The newly developed cemetery had no chapel or church, so by the endowment of Draginja and Stanojlo Petrović, a church dedicated to Saint Nicholas, projected by the architect Svetozar Ivačković was built in 1893. The iconostasis was painted by Stevan Todorović and his wife Poleksija. The frescoes are a work of Andrea Domenico, on the draft by Petar Ranosović. The Petrović couple is buried in the church's crypt, with their 5-year-old son Petar.

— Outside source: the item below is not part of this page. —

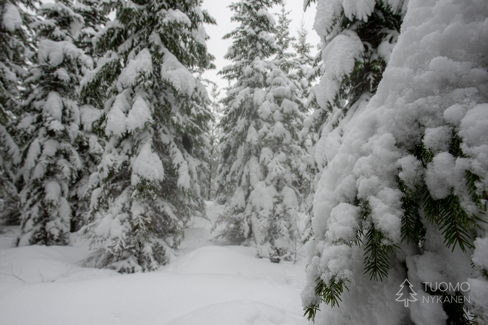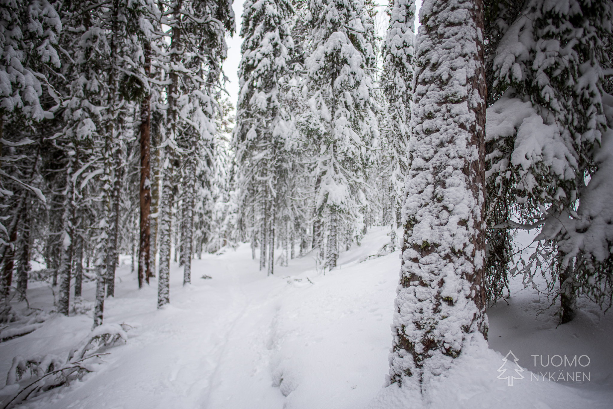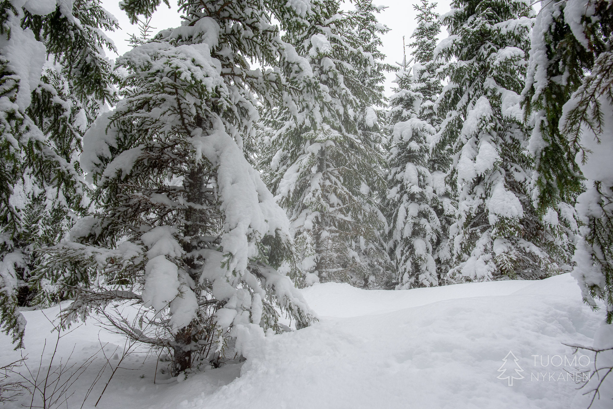 Todella lumista, puut ovat aivan kuorrutettuja ja oksat notkuvat niiden päällä lepäävien nietosten painosta. Tie tuntuu kuitenkin, ainakin vielä, mukavan luotettavalta vaikkakin hieman liukkaalta lumen alla. Se on kuitenkin kaukana tasaisesta, lumi on kinostanut dyynejä jotka paikoin tuntuvat syviltä. Etenemme varovasti sillä tien reunoja on todella vaikea hahmottaa, pitäisi olla keltaiset linssit aurinkolaseissa tällaisille keleille jotta tien kontrastit olisi edes jotenkin nähtävissä. Pistämme merkille paikkoja missä auton mahdollisesti pääsee kääntämään jos tie muuttuu huonommaksi, toki jos jokin näistä suhteellisen jyrkistä mäistä onkin liukas ei sitä pakitellen nousta. Korkean mäen päältä yhytämme edellämme tietä kulkeneen auton joka on jätetty tien sivuun ja jatkettu matkaa jalan. Sinänsä epäilyttävää edessä olevan tien kunnon suhteen, varsinkin kun kyseinen ajoneuvo on huomattavasti omaamme maastokykyisempi.

For a long time, the church also served for the parochial services, until the Church of Saint Lazar was built in the neighborhood of Bulbulder. In that period, weddings and baptisms were also performed in the church, while the public fairs were held in front of it.

=== Military graveyards ===
The oldest memorial at Novo groblje complex is the Serbian soldiers' ossuary built in 1907 which contains remains of the soldiers of Serbian-Ottoman Wars (1876–1878) and Serbo-Bulgarian War (1885) that were transferred from Tašmajdan cemetery.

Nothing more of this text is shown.